Establishing a captive is often not solely tax driven. There are commercial advantages to setting up a captive:

  • Insurance involves the transfer and sharing of risks. Some policyholders will receive back more than they pay in premiums whilst others will receive less. A group with a good claims record may find itself subsidising, via its level of premiums, the risks of others with a poor claims record - possibly even its competitors. A captive deals only with the risks and risk record of its own group. Good group risk management will enable the business either to reduce its premiums to reflect its own claims record, or to retain, through the subsidiary, the underwriting profits on its own insurance business. Additionally, the knowledge that the group is responsible for the risk tends to concentrate the minds of the local risk managers, making them more safety or liability conscious.
  • Some risks are very expensive or even impossible to insure on the open market. Professional indemnity, public liability and environmental damage fall into this category. A captive will insure what it is told to insure. Captive arrangements can also allow reserves to be built up against the risk of catastrophic events, at an economic price.
  • Some low layers of risk are not worth insuring. The group may feel that it is as well to retain the funds to pay these losses. An offshore location gives an additional tax advantage to the retention of such funds.
  • Some sectors of the insurance market experience substantial fluctuations in capacity. When capacity is limited perhaps due to heavy or persistent underwriting losses in the area concerned, premiums increase. Self-insuring through the use of a captive insurance company is one way for businesses to overcome the vagaries of the open market. Knowing that a company will accept the risk for a certain premium can even out the effect on the group profit and loss account.
  • General insurers do not normally retain all of the risks that they initially write but they reduce their potential liability by getting other insurers to share the risks through reinsurance. Reinsurance companies do not deal direct with the public. This means that they do not incur the retail expenses of a branch network, claims handling etc., and they offer direct insurers substantially lower premiums than they will charge to their customers. Owning a captive insurance company gives businesses access to the reinsurance market, and thus to cheaper premiums, which would otherwise be denied to them.
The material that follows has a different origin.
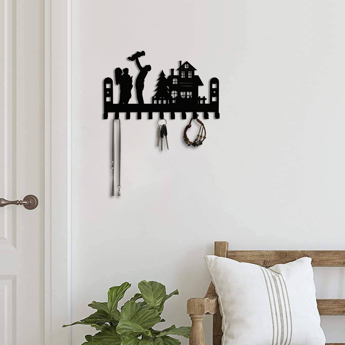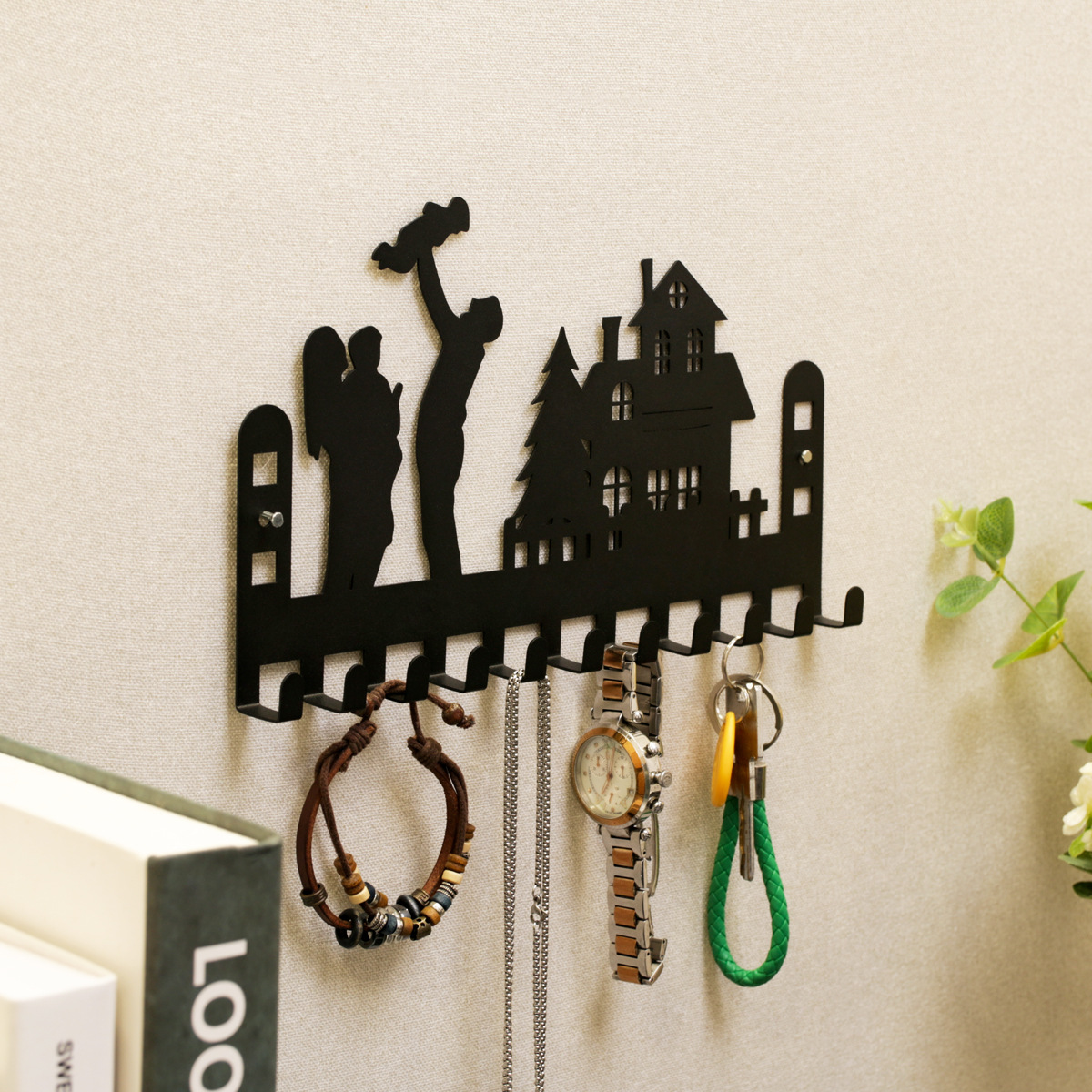 黑色金属钥匙挂钩创意甜蜜之家设计家居壁挂家居墙壁装饰钥匙扣

  • Territories that wish to encourage captive insurance companies may have a more relaxed regulatory regime than the UK. This may mean less capital tied up and fewer or less detailed information/returns required by regulatory authorities. But there is a limit to how far relaxed regulation is an advantage, as it may impact upon the sponsoring group in other ways. Captives themselves are often unrated, but the presence of a captive in a lightly regulated domicile may lead to pressure from Home State regulators or rating agencies to post collateral, affecting the sponsoring group or fronting insurer (see GIM11020 and GIM11030).